- Born: 1840 New Albany, Indiana
- Died: September 19, 1864 Winchester, Virginia
- Place of burial: Fairview Cemetery, New Albany, Indiana
- Allegiance: United States
- Branch: United States Army Union Army
- Service years: 1861–1864
- Rank: Sergeant
- Unit: 11th Indiana Infantry
- Conflicts: American Civil War • Battle of Opequon
- Awards: Medal of Honor

= Charles H. Seston =

Union Army soldier in the American Civil War

Charles H. Seston (1840 - September 19, 1864) was a Union Army soldier killed in action during the American Civil War. He posthumously received the Medal of Honor for gallantry during the Battle of Opequon more commonly called the Third Battle of Winchester, Virginia, on September 19, 1864.

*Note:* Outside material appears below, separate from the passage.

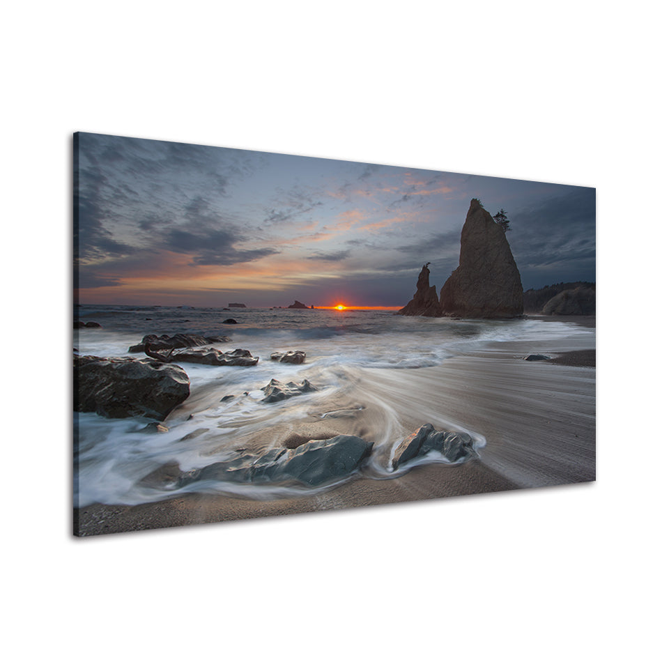 Rocky Beach is a premium canvas that adds a thoughtful touch to your decor. The canvas features an abstract painting showing a rocky beach and an evening sunset that you can hang on your walls.

Seston joined the army from Indiana in August 1861.

==Medal of Honor citation==
"The President of the United States of America, in the name of Congress, takes pride in presenting the Medal of Honor (Posthumously) to Sergeant Charles H. Seston, United States Army, for extraordinary heroism on 19 September 1864, while serving with Company I, 11th Indiana Infantry, in action at Winchester, Virginia, for gallant and meritorious service in carrying the regimental colors."

Sgt. Seston's body was returned to Indiana for burial. In addition to Seston, two other soldiers of the 11th Indiana Infantry received the Medal of Honor for this action. The others were Pvt. Peter J. Ryan and Pvt. John T. Sterling.